→ **EXERCISE BRIEF**
Locate the line that contains "しかしどのように選択すればよ" in the data that follows. Copy it and every subsequent line to the end, exactly, excluding pictures.

→ **GIVEN MATERIAL**
>>>
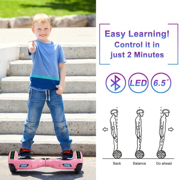 SISIGAD Hoverboard for Kids Ages 6-12, with Built-in Bluetooth Speaker and 6.5″ Colorful Lights Wheels, Safety Certified Self Balancing Scooter Gift for Kids
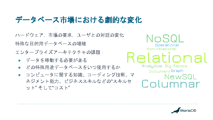 しかしどのように選択すればよいのでしょうか。MySQL、PostgreSQLなど種類はいくつかありますが、近年多方面においてMariaDBのシェアが急速に広まっています。
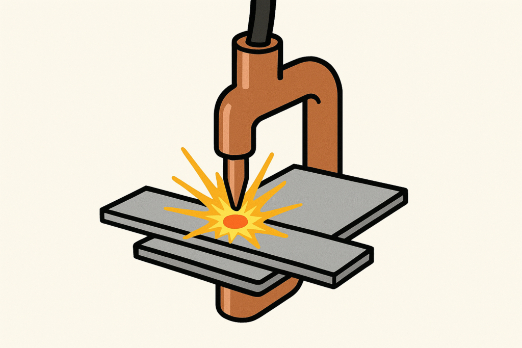 電極で板を挟み、電流を流して点状に溶接する方法です。 t1.0〜2.0の重ね継手に多用され、板金カバーや筐体に適します。 溶接跡(ナゲット)が点状になるため、引張方向には強いが剥離方向には弱い特性があります。 産業設備の外装カバーや電装ボックスに多く使われます。
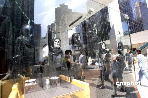 “萬圣節(jié)”將至,香港一家酒吧裝飾的鬼臉飾燈營造節(jié)日氣氛吸引顧客。中新社發(fā) 張勤 攝
<<<
→ **REPLY**
 しかしどのように選択すればよいのでしょうか。MySQL、PostgreSQLなど種類はいくつかありますが、近年多方面においてMariaDBのシェアが急速に広まっています。
 電極で板を挟み、電流を流して点状に溶接する方法です。 t1.0〜2.0の重ね継手に多用され、板金カバーや筐体に適します。 溶接跡(ナゲット)が点状になるため、引張方向には強いが剥離方向には弱い特性があります。 産業設備の外装カバーや電装ボックスに多く使われます。
 “萬圣節(jié)”將至,香港一家酒吧裝飾的鬼臉飾燈營造節(jié)日氣氛吸引顧客。中新社發(fā) 張勤 攝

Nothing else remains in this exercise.